Listed entries:
################
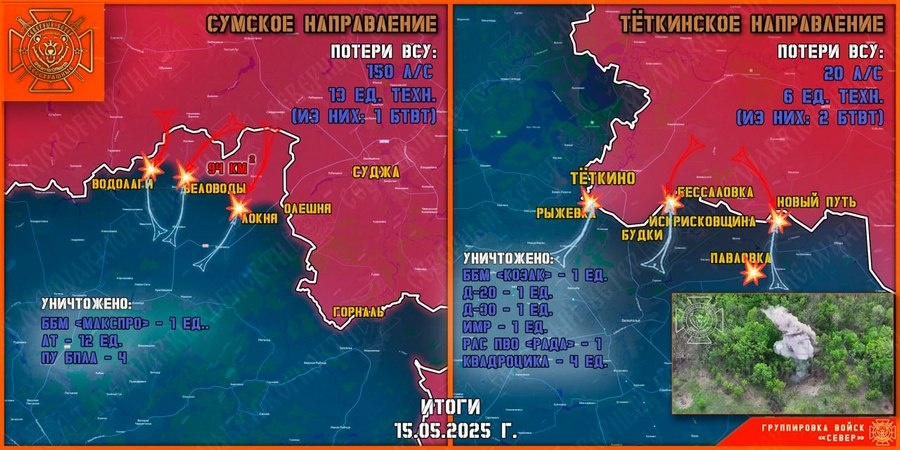 Группировка войск «Север» ВС РФ отражает попытки противника прорваться через границу Курской области на Теткинском и Глушковском направлениях, а также расширяет полосу безопасности в соседней Сумской области Украины. Северяне рассказали о текущей обстановке на линии боестолкновений в приграничье. Командование ВСУ бросает на убой новые штурмовые группы, не оставляя попыток прорыва на территорию Курской области, хотя и осознает, что они будут уничтожены еще на подступах к госгранице. Российская разведка утром 15 мая вскрыла выдвижение очередной украинской инженерной машины разминирования из окрестностей села Атинское Сумской области. ИМР ликвидирована FPV-дронами. Там же вскрыта группа ВСУ на мобильной технике, ее большая часть уничтожена, остатки бежали вглубь Сумской области. На направлении Рыжевка — Теткино противник пытался пробраться на южные окраины приграничного поселка Теткино Глушковского района. Пересечения госграницы не допущено. Уничтожены и штурмовики ВСУ, которых перебрасыв
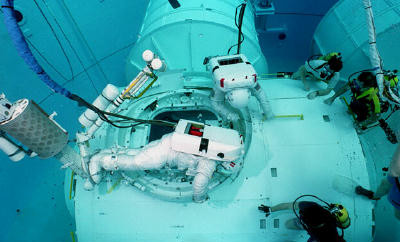 Una dintre cerinte este ca astronautii sa stie foarte bine sa inoate. Ei vor fi rugati sa parcurga inot trei lungimi de bazin de 25 de metri, fara oprire. Daca trec de acesta proba, vor trebui sa inoate aceeasi distanta... intr-un costum de zbor si incaltati cu pantofi de tenis.
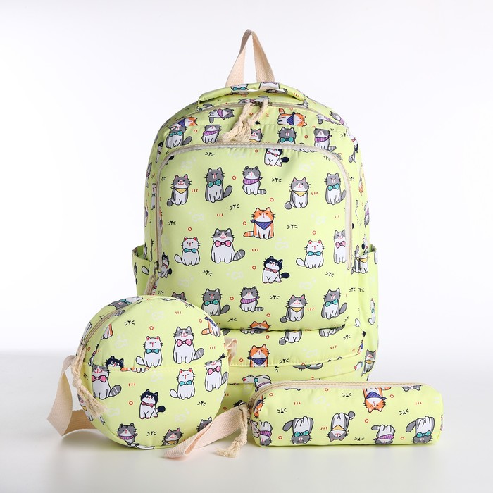 Набор: рюкзак школьный на молнии, сумка, косметичка, цвет жёлтый — Характеристики
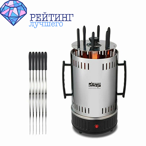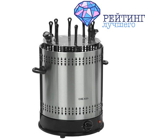 Второй продукт, который мы выбрали - это жаровня DELTA DL-6700. Здесь мы находим вращающийся вертикальный тен, установленный в центральной части машины, который обеспечивает мощность 1000 Вт. Благодаря вращению на 360 градусов приготовление пищи происходит равномерно независимо от того, что вы решили пожарить: курицу, свинину или говядину. На передней панели имеется кнопка вкл/вкл, а такие функции, как таймер и выбор температуры здесь отсутствуют. Жир будет стекать непосредственно в специальный стальной поддон, который можно мыть в посудомоечной машине. Наконец, отметим, что шашлычницу легко перемещать благодаря небольшому весу, можно хранить в шкафу за счет компактных размеров. В комплекте идут 5 шампуров.
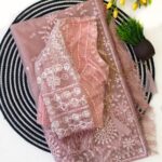 Unstitched Net Blouse with Heavy Front & Back Embroidery & Sleeves.
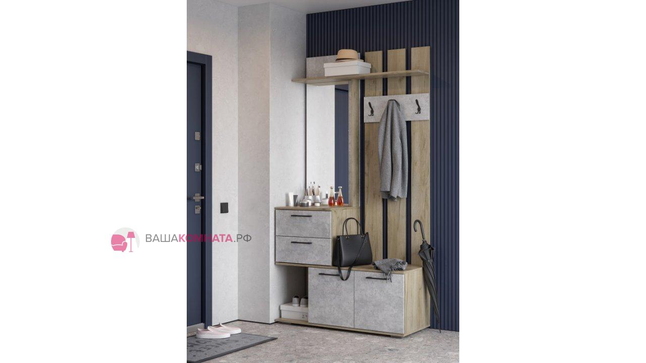 Вешалка "Бостон" ВШ-1 (Улучшенная фурнитура) - Дуб крафт серый / Бетонный камень
################
Looking at the records above, extract only the lines from the one with "Второй продукт, который" through the last line, exactly, with the pictures left out.

 Второй продукт, который мы выбрали - это жаровня DELTA DL-6700. Здесь мы находим вращающийся вертикальный тен, установленный в центральной части машины, который обеспечивает мощность 1000 Вт. Благодаря вращению на 360 градусов приготовление пищи происходит равномерно независимо от того, что вы решили пожарить: курицу, свинину или говядину. На передней панели имеется кнопка вкл/вкл, а такие функции, как таймер и выбор температуры здесь отсутствуют. Жир будет стекать непосредственно в специальный стальной поддон, который можно мыть в посудомоечной машине. Наконец, отметим, что шашлычницу легко перемещать благодаря небольшому весу, можно хранить в шкафу за счет компактных размеров. В комплекте идут 5 шампуров.
 Unstitched Net Blouse with Heavy Front & Back Embroidery & Sleeves.
 Вешалка "Бостон" ВШ-1 (Улучшенная фурнитура) - Дуб крафт серый / Бетонный камень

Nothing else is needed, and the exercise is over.